M: Excellence is not what you get with a
college professor. These are some of the most inept people society produces.
Many of the
same inaccurate urban legends being recycled here (adding liberal to bloated,
while studies of actual faculty, that include business schools and engineering
and other more conservative disciplines) from universities to community
colleges show there is no liberal tilt.)
Most
professors wish we earned ‘incredible salaries.’
‘Stale white
toast’ is hard to respond to, but for those who work in education it is clear
and unanimously agreed on (regardless of political persuasion) that experience
matters.
Studies repeatedly
show that the average professor works more than 60 hours per week.
‘Some of the
most inept’ sounds more like a former student who earned a bad grade and has
still not learned to take constructive criticism.
N: Another move to string out graduation
and make more money on fees. Maybe they should eliminate morning classes
while they're at it, and classes on days beginning with a "T".
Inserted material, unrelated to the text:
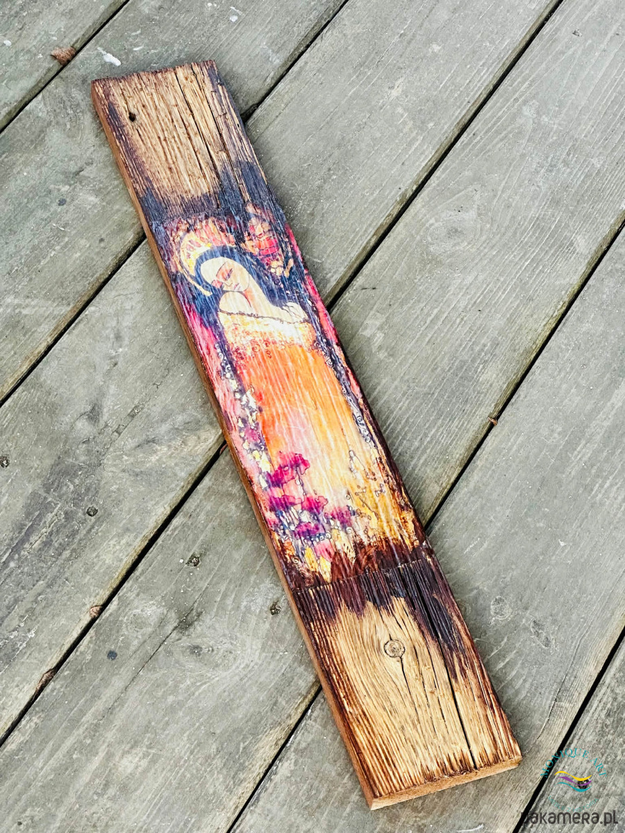 Drewno z historią, zamienione w obraz z aniołem, wnoszący do wnętrza spokój, ciepło i symboliczny wymiar ochrony.

O: Education happens in life whether or not you have a bozo professor
lecturing you or not.
I love the
cancel classes on days beginning with T idea. Funny.
Education
does happen outside the classroom, and it is true that some in the academy need
to do more to recognize this and integrate this insight into how they teach,
but if the suggestion here is that life experience can replace the classroom—no
evidence that this is anything other than a crazy idea. Hard to imagine anyone
learning their times tables or how to read and write in the process of weeding
or operating a factory line.
These
comments are nearly all inaccurate. Some appear to be more about being mean
than about serious argument.
More
importantly, however, these reflect the deep contempt in which some (many?) hold
academics and educators, perhaps expertise and a life of the mind in general.
As educators
we need to develop a sustained strategy for reversing this trend.